Our Family- Family Ways

 by Cheryl Merrick

We tried to teach our children how to live so they could be happy and become loving, responsible people. This is why we read scriptures, had family prayer, displayed gospel pictures, watched inspiring shows, and did fun activities together. 


We tried to teach that every person is unique with their own special gifts and that no gift or person is better than another.  We discouraged disparaging comments, hitting, competition, and bullying, and encouraged supporting each other.  Of course, developing positive qualities takes time and maturity. Often I felt like our children were on a teeter-totter. When one child felt good about themselves, the other felt bad. It is a hard lesson to learn that everyone and everything doesn’t revolve around you.  We watched as our older children learned to love as they helped to care for their younger sister and brother. Having a baby in the house, united our family and focused attention on someone besides themselves. A baby brought peace to our home.


Another thing we encouraged was to attend the dance and school performances, baseball and soccer games, pinewood derbys, church and scout award presentations, and anything else that was important to a member of our family. In our home there was space and materials for our developing artists, dancers, and musicians, and for our sports players, builders, readers, and writers. It was exciting to see the very different talents they each had. 


We tried to have many different types of things our children could do such as supplies to create art or crafts, blocks, logs, sheets, clothes pins, and legos to build with, musical instruments, books to read, dress up clothes and puppets to stage performances, music to dance to, and balls, rackets, swings and other equipment for sports. 

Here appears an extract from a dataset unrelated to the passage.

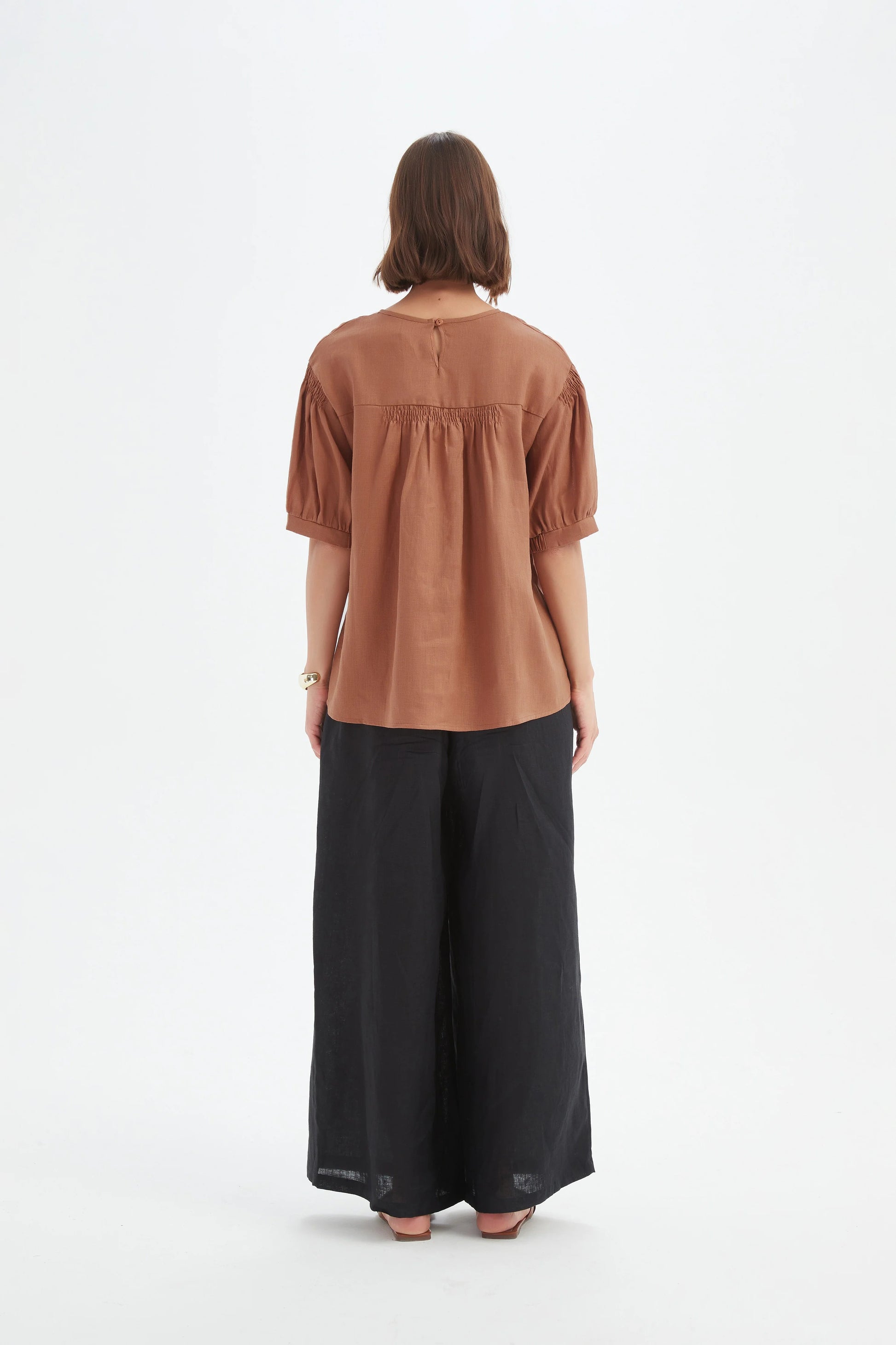 Discover effortless elegance with the Bishop Sleeve Shirring Top. Crafted from 100% French Linen, this top features intricate shirring details on the back and sleeves, creating a beautifully textured look. The gathered front and billowy bishop sleeves enhance its refined charm, making it a versatile addition to your collection.

What we didn’t allow was our children to spend much time in front of the TV or Nientendo game. When our older children were younger, children played outside whenever they could. By the time we were raising our last child, the world had changed and many children just sat staring at the TV screen from the time they got home from school to the time they went to bed at night. We stayed with our decision not to watch TV during the day unless we were sick. Even at night, our children had to have all their school and house work done before they could watch. Our children always seemed to have plenty to do and I enjoyed seeing them develop their talents.  

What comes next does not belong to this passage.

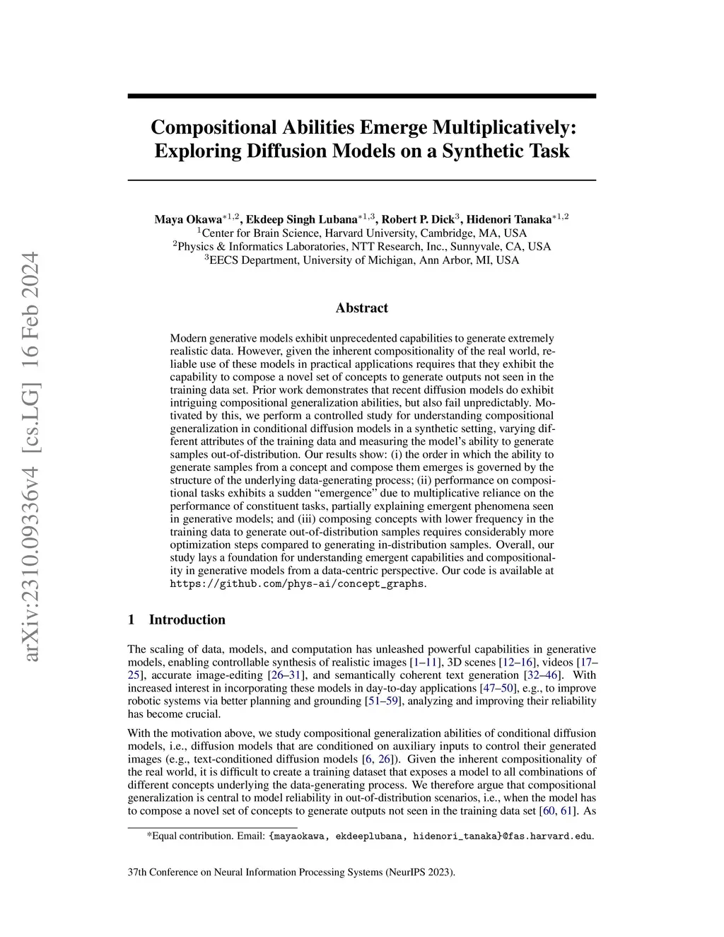 Compositional Abilities Emerge Multiplicatively: Exploring Diffusion Models on a Synthetic Task

What all our children did a lot of was read. Garrett read from a fun book and the scriptures each night while the kids and I cleaned up after dinner. This was a time we really enjoyed together. If we ever forgot, our kids would ask us, “When are we going to have the reading?”


Sometimes we liked to have special dinners. When we had stir fry, we all dressed up in oriental clothes. We had a few formal dinners with china and stemware. My favorite dinner was the time we had a dinner where we all draped sheets over our clothes like togas in Greek god style, sat at a low table, ate ambrosia (fruit and coconut), and watched a video about who we are, why we are here, and where we can go after this life. 


One thing our kids really enjoyed was their dates with Dad. Garrett would take a child out to eat and they would talk. The kid got to choose the place and what they wanted to eat. They were always begging for “Date Night”.


One thing we had to deal with was that we almost had two families. A way we coped with the wide age range was to have a small yard within our larger yard for the young children. It had a sandbox, swingset, small patio, and a small rope swing attached to the tree. The young children could also come in the back door, but they couldn’t go out the gate. Not only was this area close to the house, I could see all of it from the window. The younger children always wanted to go and do what the older kids were doing, but they were from seven to eleven years younger and just got hurt.  With their own yard, the younger children could be outside with their older brother and sister and still be safe. 


A special thing Garrett did was that he organized, played with, and refereed basketball and touch football games with our children and the neighborhood kids. Once a very competitive girl went through the basement window. We were glad that no one was hurt and replaced the small window with plexiglass.  


We tried to encourage love within our family by kneeling together each night by our sofa and praying for each other. We also tried to encourage gratitude by thanking our Heavenly Father in prayer before each meal for the food He had given us. 


Another thing we did was to teach our children to pay tithing. We wanted our kids to learn to share and not be selfish, so we explained to them about giving back to God one out of every ten coins they had received so that this money could be used to help other people. We also showed them how to save part of their allowance and set up savings accounts for them at the credit union. 


Garrett and I learned so much raising our children. It was a great opportunity for us to grow and develop more faith, patience, and love.  It is satisfying for us to see that our children have become strong, capable, loving adults.